Exercise —
Repeat the data exactly, please; no pictures belong in the copy.

Stored records:
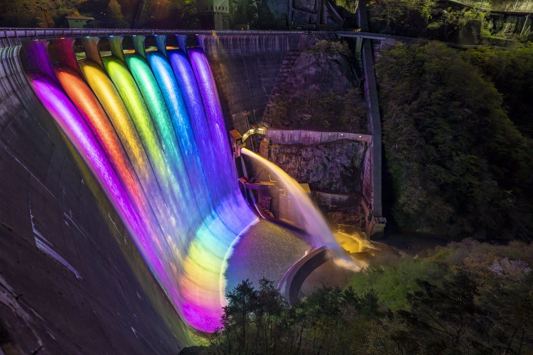 ・ライトアップと音楽で彩る「鳴子ダムレインボーすだれ放流ライトアップ」鑑賞
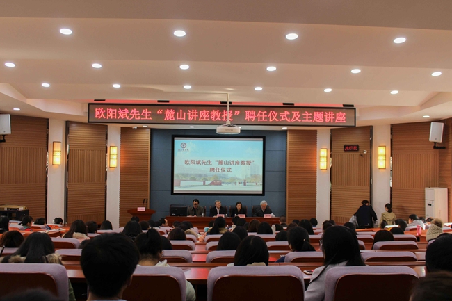 12月6日下午,我校在乐知楼F201报告厅举行“麓山讲座教授”聘任仪式,湖南省政协副主席、省文联主席欧阳斌受聘为我校“麓山讲座教授”。校长陈晓红、副校长黎定军出席仪式。仪式由文学与新闻传播学院院长郑佳明教授主持。
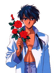 Looking traditional, Tamahome on a pretty azure background. I think I'm beginning to exhaust my flow of clever things to say about anime guys. @_@ After a while, they all look the same.
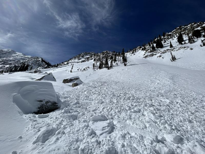 While near the top of the slope (about 100 vertical feet below the ridgeline) my partner who was ahead of me triggered a hard slab avalanche about 1-2 feet thick. He was briefly caught on top of the hard debris but was able to quickly escape by skiing off to the side. We had been tracking softer, 4-6 inch wind slabs on the way up, however they seemed well-bonded and not hollow. This avalanche stepped down to a deeper interface and propagated surprisingly far. My partner lost both of his poles (we found one while skiing down the bed surface) but we were both unscathed (I was off to the side when the avalanche was triggered.) The debris field was likely not deep enough to bury a person but the avalanche ran through some trees and small rock bands and would have likely caused injury if one of us were caught and carried. We skied back down the bed surface and bailed on any further ski objectives.
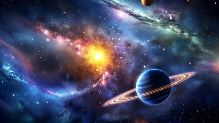 Animated journey through a colorful galaxy with planets and stars. Flying through a cosmic nebula in deep space. Science fiction and astronomy concept
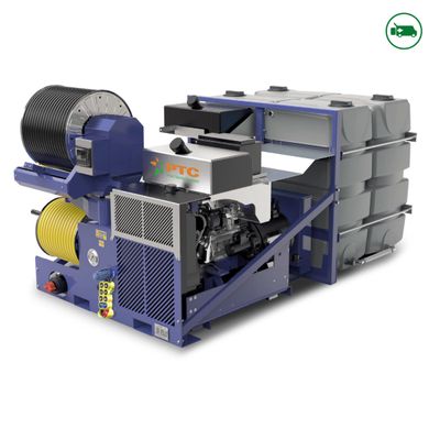 Hybrid Technology: Vanguard technology designed for cleaning pipes and drains, driven by an hybrid motor pump (diesel + electric) to achieve maximum performance in terms of efficiency, fuel consumption and silence. The equipment, in addition to the combined mode, is able to work in Full-Electric mode (Full-Electric working autonomy depends on the amount of batteries installed).
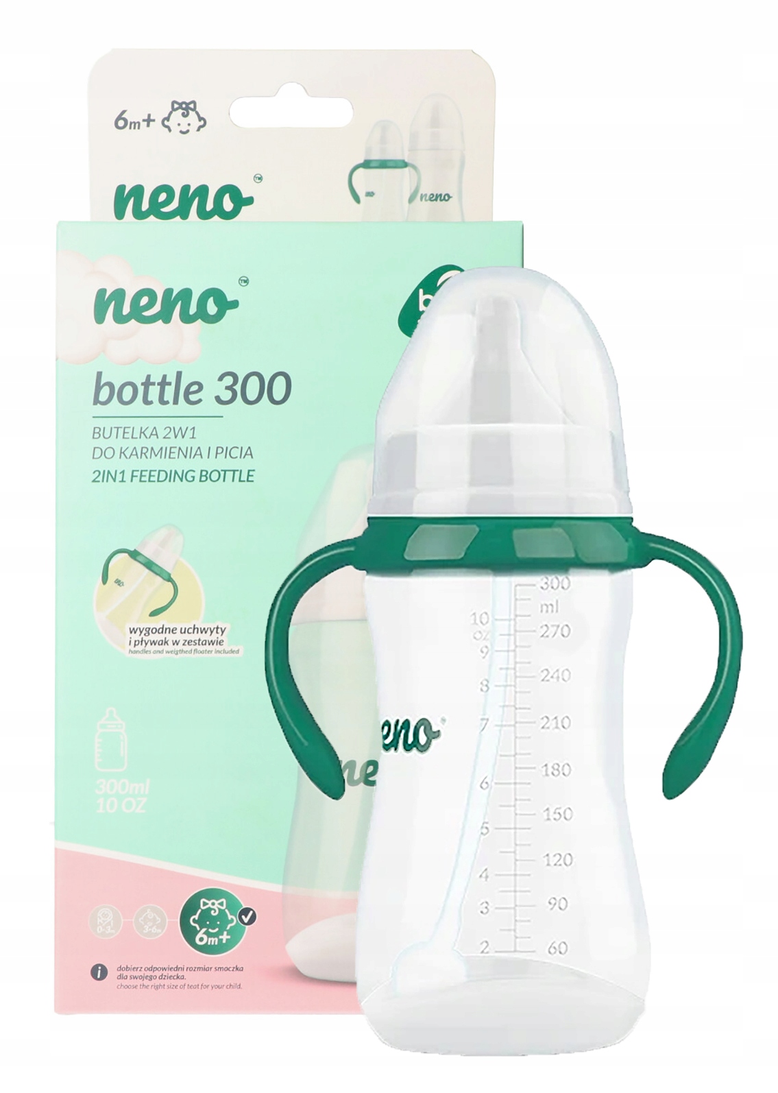 Дитячі пляшечки з серії Neno Bottle зручні як для дитини, так і для батьків. Ергономічна форма пляшки забезпечує зручне захоплення дорослим, а додаткові вушка є чудовим вступом до навчання самостійного пиття. Зручні і широкі вушка дозволяють легко міцно тримати пляшку. Ручки не інтегровані в пляшечку, тому їх можна зняти під час миття пляшечки або самостійного годування дитини.

Answer to this task —
 ・ライトアップと音楽で彩る「鳴子ダムレインボーすだれ放流ライトアップ」鑑賞
 12月6日下午,我校在乐知楼F201报告厅举行“麓山讲座教授”聘任仪式,湖南省政协副主席、省文联主席欧阳斌受聘为我校“麓山讲座教授”。校长陈晓红、副校长黎定军出席仪式。仪式由文学与新闻传播学院院长郑佳明教授主持。
 Looking traditional, Tamahome on a pretty azure background. I think I'm beginning to exhaust my flow of clever things to say about anime guys. @_@ After a while, they all look the same.
 While near the top of the slope (about 100 vertical feet below the ridgeline) my partner who was ahead of me triggered a hard slab avalanche about 1-2 feet thick. He was briefly caught on top of the hard debris but was able to quickly escape by skiing off to the side. We had been tracking softer, 4-6 inch wind slabs on the way up, however they seemed well-bonded and not hollow. This avalanche stepped down to a deeper interface and propagated surprisingly far. My partner lost both of his poles (we found one while skiing down the bed surface) but we were both unscathed (I was off to the side when the avalanche was triggered.) The debris field was likely not deep enough to bury a person but the avalanche ran through some trees and small rock bands and would have likely caused injury if one of us were caught and carried. We skied back down the bed surface and bailed on any further ski objectives.
 Animated journey through a colorful galaxy with planets and stars. Flying through a cosmic nebula in deep space. Science fiction and astronomy concept
 Hybrid Technology: Vanguard technology designed for cleaning pipes and drains, driven by an hybrid motor pump (diesel + electric) to achieve maximum performance in terms of efficiency, fuel consumption and silence. The equipment, in addition to the combined mode, is able to work in Full-Electric mode (Full-Electric working autonomy depends on the amount of batteries installed).
 Дитячі пляшечки з серії Neno Bottle зручні як для дитини, так і для батьків. Ергономічна форма пляшки забезпечує зручне захоплення дорослим, а додаткові вушка є чудовим вступом до навчання самостійного пиття. Зручні і широкі вушка дозволяють легко міцно тримати пляшку. Ручки не інтегровані в пляшечку, тому їх можна зняти під час миття пляшечки або самостійного годування дитини.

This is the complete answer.